In summary, there is no convincing evidence to support a causal relationship between ICL implantation or LASIK and retinal detachment. As noted in the TICL DFU, “The relationship between the Visian TICL and retinal detachment is undetermined.”4 In this light, it remains prudent to inform all myopic patients of their increased risk of retinal detachment, and to counsel them regarding the warning symptoms of flashes and floaters, to facilitate timely treatment and the best possible outcomes.

1. Haarman AEG, Enthoven CA, Tideman JWL, Tedja MS, Verhoeven VJM, Klaver CCW. The Complications of Myopia: A Review and Meta-Analysis. Invest Ophthalmol Vis Sci. 2020 Apr 9;61(4):49.
2. Risk factors for idiopathic rhegmatogenous retinal detachment. The Eye Disease Case-Control Study Group. Am J Epidemiol. 1993 Apr 1;137(7):749-57.
3. Burton TC. The influence of refractive error and lattice degeneration on the incidence of retinal detachment. Trans Am Ophthalmol Soc. 1989;87:143-55; discussion 155-7.
4. (Accessed March 16, 2022)
5. Packer M. The Implantable Collamer Lens with a central port: review of the literature. Clin Ophthalmol. 2018 Nov 27;12:2427-2438.
6. Kanclerz P, Grzybowski A. Does Corneal Refractive Surgery Increase the Risk of Retinal Detachment? A Literature Review and Statistical Analysis.
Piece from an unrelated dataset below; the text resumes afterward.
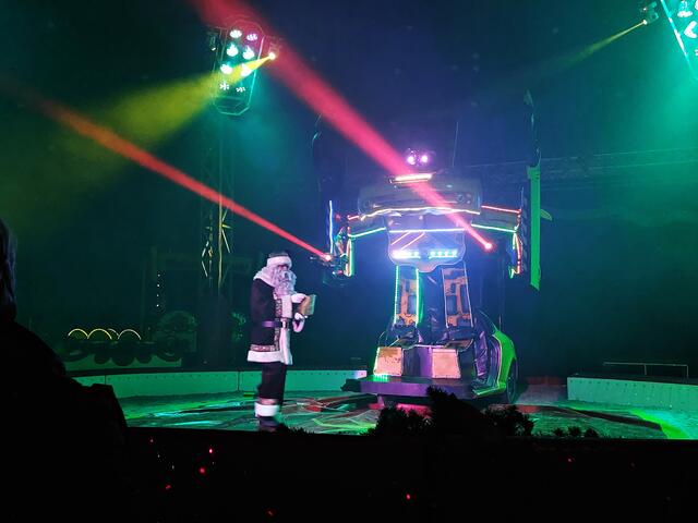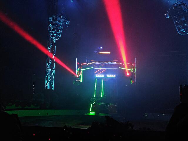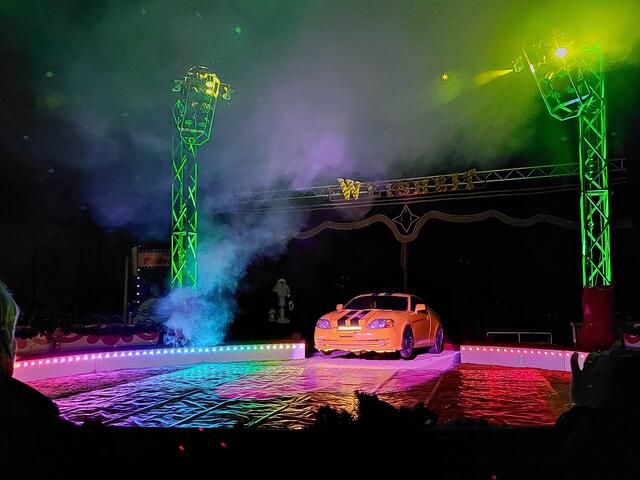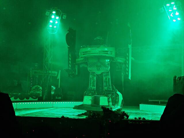 Und dann kam das diesjährige Highlight namens Bumblebee mit fettem Sound in die Manege gefahren. Zuerst war es nur ein gelber schnittiger Sportwagen, der sich jedoch wie von Geisterhand in einen Transformer verwandelte und mit Laserstrahlen in aufrechter voller Größe erstrahlte. Was für ein Abschluss vor der 20-minütigen Pause! Die Pause konnte genutzt werden für den Besuch im Streichelzoo, Nachschub holen bei den Süßigkeiten oder für ein Erinnerungsfoto mit Bumblebee und Würgeschlangen. Solch eine Gelegenheit gibt es so schnell nicht wieder. Die beiden Tigerpythons waren handzahm und hatten bereits ihr heutiges Mahl hinter sich.
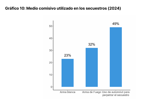 • El uso de armas de fuego en secuestros creció hasta el 32% en 2024, y los automóviles siguen siendo el principal medio de traslado y retención de víctimas (49%).4

J Refract Surg. 2019 Aug 1;35(8):517-524.
7. Bernheim D, Rouberol F, Palombi K, Albrieux M, Romanet JP, Chiquet C. Comparative prospective study of rhegmatogenous retinal detachments in phakic or pseudophakic patients with high myopia. Retina. 2013 Nov-Dec;33(10):2039-48.
8. Martínez-Castillo V, Boixadera A, Verdugo A, Elíes D, Coret A, García-Arumí J. Rhegmatogenous retinal detachment in phakic eyes after posterior chamber phakic intraocular lens implantation for severe myopia. Ophthalmology. 2005;112(4):580-585.
9. Ruiz-Moreno JM, Montero JA, de la Vega C, Alió JL, Zapater P. Retinal detachment in myopic eyes after phakic intraocular lens implantation. J Refract Surg. 2006 Mar;22(3):247-52.
10. Flaxel CJ, Adelman RA, Bailey ST, Fawzi A, Lim JI, Vemulakonda GA, Ying GS. Posterior Vitreous Detachment, Retinal Breaks, and Lattice Degeneration Preferred Practice Pattern®. Ophthalmology. 2020 Jan;127(1):P146-P181.